▸ PROBLEM TO SOLVE:
In the material below, the lines between the one holding "31,1 г, 39 мм)" and the one holding "You are a small", inclusive, are to be set down word for word. Pictures stay out.

--- THE RECORDS ---

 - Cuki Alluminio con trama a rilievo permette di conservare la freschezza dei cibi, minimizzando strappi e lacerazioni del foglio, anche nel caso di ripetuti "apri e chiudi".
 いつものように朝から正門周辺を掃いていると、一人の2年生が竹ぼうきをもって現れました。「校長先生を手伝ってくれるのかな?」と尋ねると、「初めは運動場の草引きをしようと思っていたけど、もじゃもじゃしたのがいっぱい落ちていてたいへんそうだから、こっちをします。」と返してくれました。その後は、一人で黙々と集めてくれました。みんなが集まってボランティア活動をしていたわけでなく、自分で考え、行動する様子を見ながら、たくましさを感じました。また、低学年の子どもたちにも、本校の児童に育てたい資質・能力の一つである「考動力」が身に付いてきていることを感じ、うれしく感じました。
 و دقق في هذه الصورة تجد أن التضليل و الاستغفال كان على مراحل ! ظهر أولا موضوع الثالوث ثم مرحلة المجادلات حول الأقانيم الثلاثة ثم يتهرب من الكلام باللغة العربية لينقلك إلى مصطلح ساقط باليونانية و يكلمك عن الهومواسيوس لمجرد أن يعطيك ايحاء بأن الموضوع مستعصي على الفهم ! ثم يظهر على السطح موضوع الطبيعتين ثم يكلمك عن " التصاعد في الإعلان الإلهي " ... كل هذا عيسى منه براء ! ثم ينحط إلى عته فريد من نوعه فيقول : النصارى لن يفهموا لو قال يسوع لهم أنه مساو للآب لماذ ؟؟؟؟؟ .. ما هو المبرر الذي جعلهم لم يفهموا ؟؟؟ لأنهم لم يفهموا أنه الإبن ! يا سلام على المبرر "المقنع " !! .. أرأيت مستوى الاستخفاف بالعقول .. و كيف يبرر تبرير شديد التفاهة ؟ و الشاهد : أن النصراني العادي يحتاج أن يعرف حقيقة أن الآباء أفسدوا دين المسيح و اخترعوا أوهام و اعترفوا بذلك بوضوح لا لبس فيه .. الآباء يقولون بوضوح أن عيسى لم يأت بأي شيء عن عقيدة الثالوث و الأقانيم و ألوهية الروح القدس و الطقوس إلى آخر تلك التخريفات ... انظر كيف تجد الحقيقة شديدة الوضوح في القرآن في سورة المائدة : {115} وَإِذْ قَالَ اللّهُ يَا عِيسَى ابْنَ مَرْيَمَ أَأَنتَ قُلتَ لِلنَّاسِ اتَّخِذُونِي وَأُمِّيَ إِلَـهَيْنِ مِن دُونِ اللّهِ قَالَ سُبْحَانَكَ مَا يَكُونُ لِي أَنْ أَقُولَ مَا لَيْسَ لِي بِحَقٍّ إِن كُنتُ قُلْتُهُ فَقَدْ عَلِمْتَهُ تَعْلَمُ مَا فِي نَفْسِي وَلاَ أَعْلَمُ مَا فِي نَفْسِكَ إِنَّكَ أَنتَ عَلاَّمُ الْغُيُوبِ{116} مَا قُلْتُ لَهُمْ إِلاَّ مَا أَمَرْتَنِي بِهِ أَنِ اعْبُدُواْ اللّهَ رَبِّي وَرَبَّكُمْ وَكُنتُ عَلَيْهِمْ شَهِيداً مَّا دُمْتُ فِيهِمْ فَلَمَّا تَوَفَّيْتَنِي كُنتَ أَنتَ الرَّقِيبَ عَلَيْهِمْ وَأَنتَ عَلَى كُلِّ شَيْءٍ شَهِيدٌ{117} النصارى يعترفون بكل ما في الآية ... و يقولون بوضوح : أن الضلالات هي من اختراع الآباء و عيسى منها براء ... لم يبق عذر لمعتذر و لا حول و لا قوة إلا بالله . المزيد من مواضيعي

---
--- THE RECORDS ---

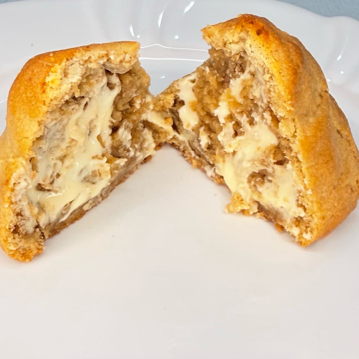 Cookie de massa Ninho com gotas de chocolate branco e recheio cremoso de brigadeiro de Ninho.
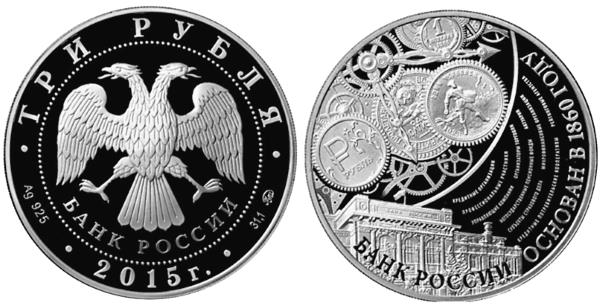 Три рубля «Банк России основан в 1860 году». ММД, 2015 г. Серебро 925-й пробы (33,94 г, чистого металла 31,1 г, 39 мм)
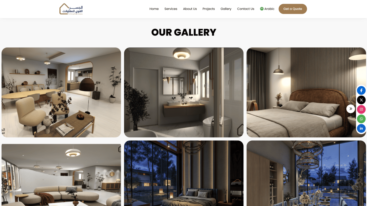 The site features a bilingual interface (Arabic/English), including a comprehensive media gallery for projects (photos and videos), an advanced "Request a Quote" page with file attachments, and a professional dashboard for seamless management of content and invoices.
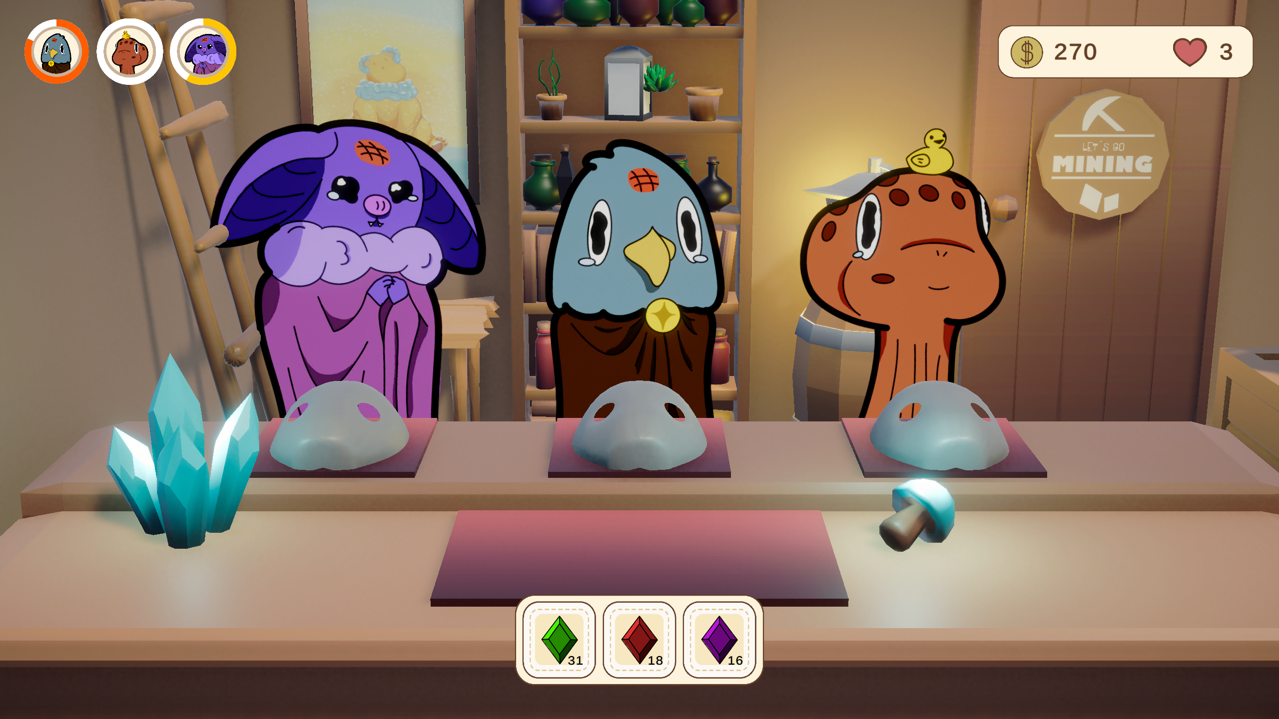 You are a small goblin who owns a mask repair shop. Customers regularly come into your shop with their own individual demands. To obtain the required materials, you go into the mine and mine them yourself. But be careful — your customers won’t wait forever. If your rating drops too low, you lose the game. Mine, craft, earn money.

---

▸ WRITTEN REPLY:
 Три рубля «Банк России основан в 1860 году». ММД, 2015 г. Серебро 925-й пробы (33,94 г, чистого металла 31,1 г, 39 мм)
 The site features a bilingual interface (Arabic/English), including a comprehensive media gallery for projects (photos and videos), an advanced "Request a Quote" page with file attachments, and a professional dashboard for seamless management of content and invoices.
 You are a small goblin who owns a mask repair shop. Customers regularly come into your shop with their own individual demands. To obtain the required materials, you go into the mine and mine them yourself. But be careful — your customers won’t wait forever. If your rating drops too low, you lose the game. Mine, craft, earn money.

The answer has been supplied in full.